— Records shown —

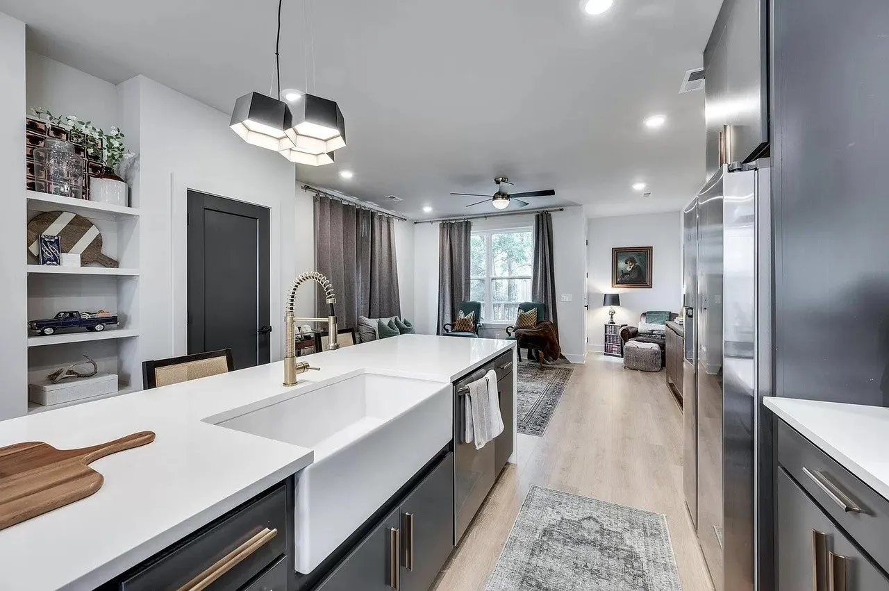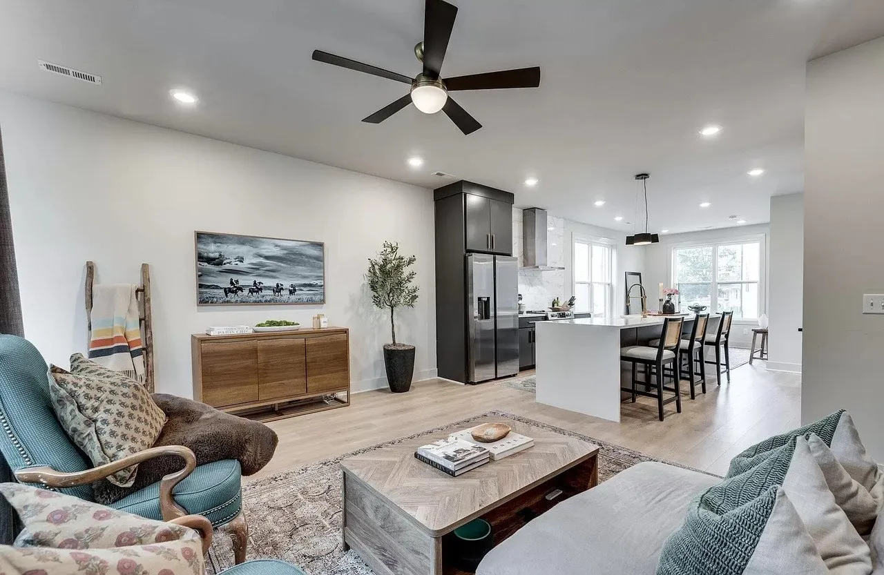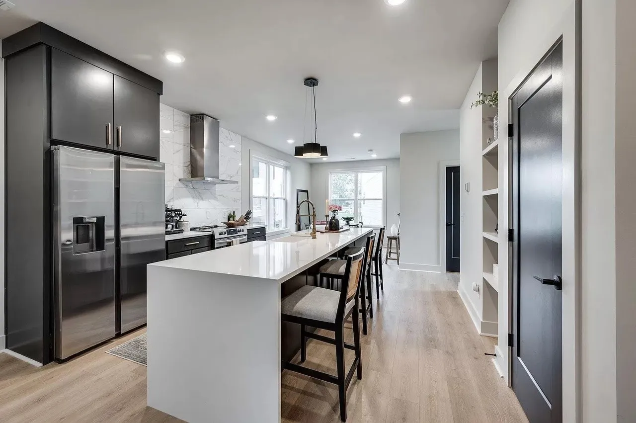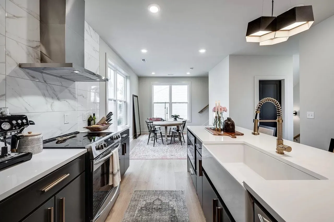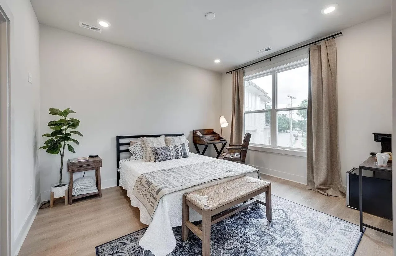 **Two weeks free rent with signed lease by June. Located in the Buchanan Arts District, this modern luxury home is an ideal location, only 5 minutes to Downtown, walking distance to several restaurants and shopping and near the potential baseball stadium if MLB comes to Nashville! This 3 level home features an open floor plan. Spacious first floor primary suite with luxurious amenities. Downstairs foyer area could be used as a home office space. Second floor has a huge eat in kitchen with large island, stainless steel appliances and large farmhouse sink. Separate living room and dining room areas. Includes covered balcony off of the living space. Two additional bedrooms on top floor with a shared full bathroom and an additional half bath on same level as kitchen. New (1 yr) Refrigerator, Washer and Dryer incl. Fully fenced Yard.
* * *
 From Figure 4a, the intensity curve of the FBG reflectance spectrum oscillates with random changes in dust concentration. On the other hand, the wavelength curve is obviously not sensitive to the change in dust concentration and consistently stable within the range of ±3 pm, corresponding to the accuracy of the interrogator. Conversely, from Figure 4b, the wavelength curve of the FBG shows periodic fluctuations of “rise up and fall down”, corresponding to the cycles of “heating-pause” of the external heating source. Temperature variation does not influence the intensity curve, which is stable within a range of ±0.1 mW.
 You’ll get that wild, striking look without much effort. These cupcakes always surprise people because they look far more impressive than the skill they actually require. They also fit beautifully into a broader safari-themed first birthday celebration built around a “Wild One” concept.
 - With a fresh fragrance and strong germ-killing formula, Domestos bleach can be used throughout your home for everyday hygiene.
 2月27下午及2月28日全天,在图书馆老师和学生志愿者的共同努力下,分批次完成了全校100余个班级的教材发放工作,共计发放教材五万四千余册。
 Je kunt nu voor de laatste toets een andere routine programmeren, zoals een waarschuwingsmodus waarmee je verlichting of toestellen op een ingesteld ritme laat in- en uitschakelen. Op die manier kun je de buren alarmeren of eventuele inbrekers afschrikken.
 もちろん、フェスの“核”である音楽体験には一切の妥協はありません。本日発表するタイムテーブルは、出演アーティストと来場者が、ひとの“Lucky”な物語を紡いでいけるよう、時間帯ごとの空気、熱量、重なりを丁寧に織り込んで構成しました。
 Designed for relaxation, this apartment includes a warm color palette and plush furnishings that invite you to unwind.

— What you are asked to do —
Keeping every character as it is, restate the lines above that run from the line with "Je kunt nu voor" through the line with "Designed for relaxation, this", both included, and nothing else.

— Result —
 Je kunt nu voor de laatste toets een andere routine programmeren, zoals een waarschuwingsmodus waarmee je verlichting of toestellen op een ingesteld ritme laat in- en uitschakelen. Op die manier kun je de buren alarmeren of eventuele inbrekers afschrikken.
 もちろん、フェスの“核”である音楽体験には一切の妥協はありません。本日発表するタイムテーブルは、出演アーティストと来場者が、ひとの“Lucky”な物語を紡いでいけるよう、時間帯ごとの空気、熱量、重なりを丁寧に織り込んで構成しました。
 Designed for relaxation, this apartment includes a warm color palette and plush furnishings that invite you to unwind.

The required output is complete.